• **The problem**: Retype the listing exactly, with no images.

• **Data below**:
• • • • •
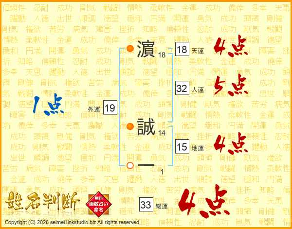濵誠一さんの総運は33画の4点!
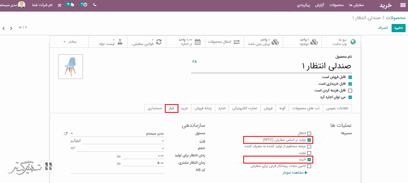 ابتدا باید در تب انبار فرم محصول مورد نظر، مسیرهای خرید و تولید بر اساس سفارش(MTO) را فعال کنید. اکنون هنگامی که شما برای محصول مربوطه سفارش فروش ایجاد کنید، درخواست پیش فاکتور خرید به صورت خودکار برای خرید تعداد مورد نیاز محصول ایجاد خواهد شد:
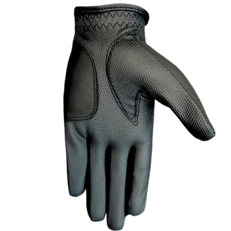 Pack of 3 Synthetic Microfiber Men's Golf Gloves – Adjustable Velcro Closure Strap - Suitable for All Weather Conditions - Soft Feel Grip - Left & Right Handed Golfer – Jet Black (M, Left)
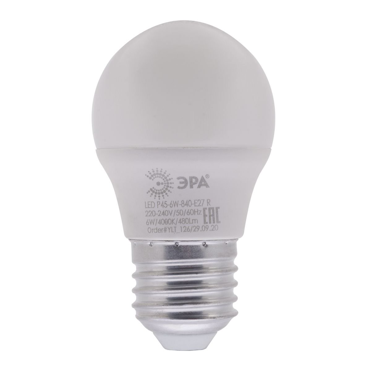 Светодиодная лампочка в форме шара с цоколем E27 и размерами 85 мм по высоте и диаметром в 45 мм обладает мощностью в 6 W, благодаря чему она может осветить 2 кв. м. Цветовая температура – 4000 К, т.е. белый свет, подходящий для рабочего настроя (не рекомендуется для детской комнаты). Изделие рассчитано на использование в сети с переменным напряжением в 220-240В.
• • • • •
• **Response area**:
濵誠一さんの総運は33画の4点!
 ابتدا باید در تب انبار فرم محصول مورد نظر، مسیرهای خرید و تولید بر اساس سفارش(MTO) را فعال کنید. اکنون هنگامی که شما برای محصول مربوطه سفارش فروش ایجاد کنید، درخواست پیش فاکتور خرید به صورت خودکار برای خرید تعداد مورد نیاز محصول ایجاد خواهد شد:
 Pack of 3 Synthetic Microfiber Men's Golf Gloves – Adjustable Velcro Closure Strap - Suitable for All Weather Conditions - Soft Feel Grip - Left & Right Handed Golfer – Jet Black (M, Left)
 Светодиодная лампочка в форме шара с цоколем E27 и размерами 85 мм по высоте и диаметром в 45 мм обладает мощностью в 6 W, благодаря чему она может осветить 2 кв. м. Цветовая температура – 4000 К, т.е. белый свет, подходящий для рабочего настроя (не рекомендуется для детской комнаты). Изделие рассчитано на использование в сети с переменным напряжением в 220-240В.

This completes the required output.